Speaking in an interview at the Reuters Next conference Tae, who was North Korea’s deputy ambassador to Britain before defecting in 2016, said the ban severed one of the very few sources of outside information for ordinary North Koreans.



“It’s a great mistake,” Tae said. “We can only bring a change in a communist state with soft power, not military interventions or economic blockade.”

The limited yet expanding access to information, including via border trade with China, has hastened subtle change in a country that only allows state media focused on building the prestige of leader Kim Jong Un.
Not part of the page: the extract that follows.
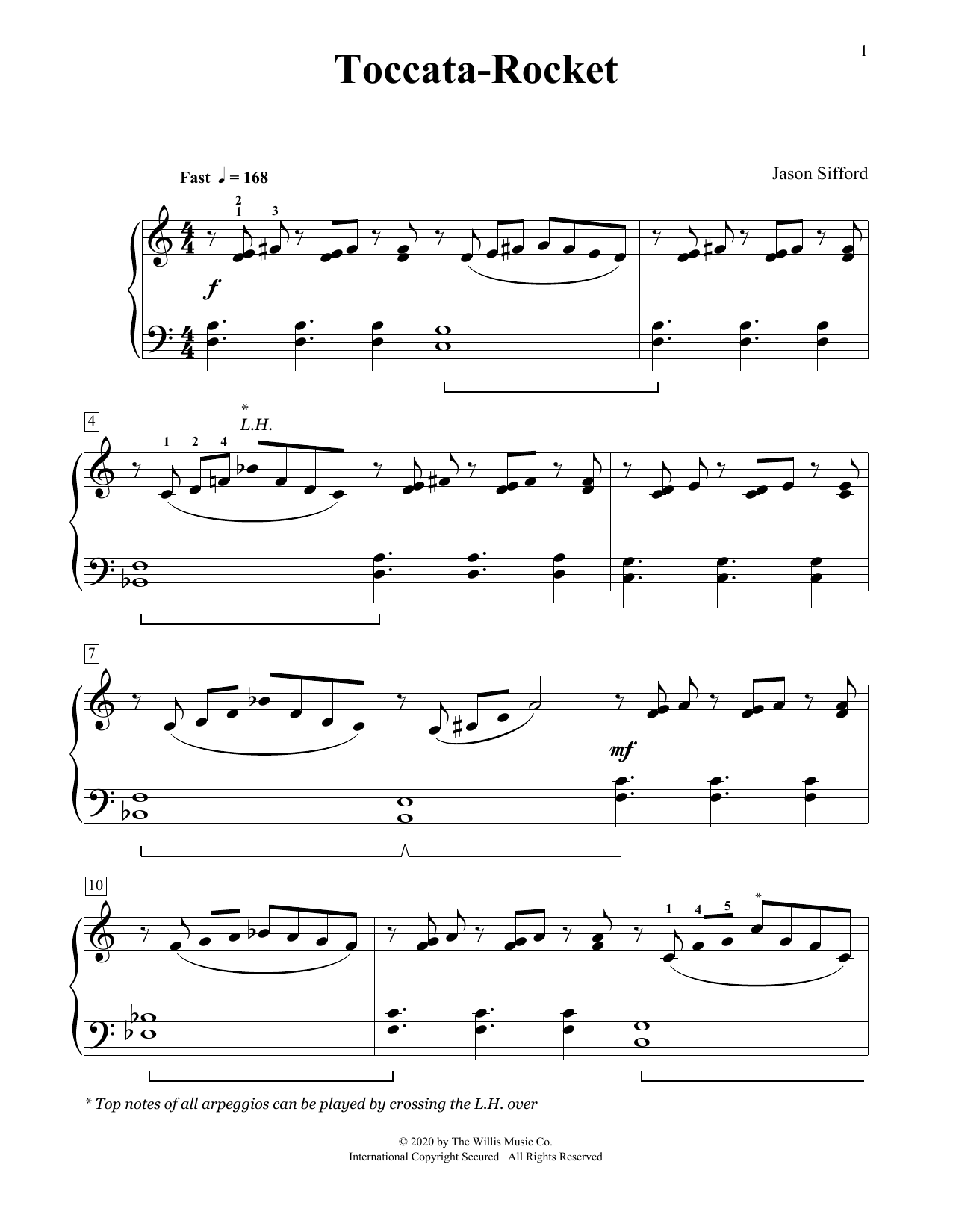 Download or print Jason Sifford Toccata-Rocket sheet music, chords and digital score arranged for Educational Piano. This Concert score includes 4 page(s).

In a 2019 survey by a Seoul-based activist group, more than 71 percent of 200 defectors said they had watched a South Korean drama or film before fleeing their homeland, mostly using a DVD or USB device at night when surveillance is weak.

“In daytime, the population is shouting ‘long live Kim Jong Un’, but at night they all watch South Korean dramas and movies,” Tae said.

“North Korea is changing, and we have to push in that direction. Why stop the inflows of information?”

Knowledge about the outside world gained from embassy postings in Europe had fostered disillusionment among his family, and eventually served as a key driver for his defection, former diplomat Tae said.

“My children learned that their lives were nothing but those of contemporary slaves if they go back to North Korea,” he said. “My sons knew everything, and I knew everything. It was my decision … and I wanted to give them the choice of freedom.”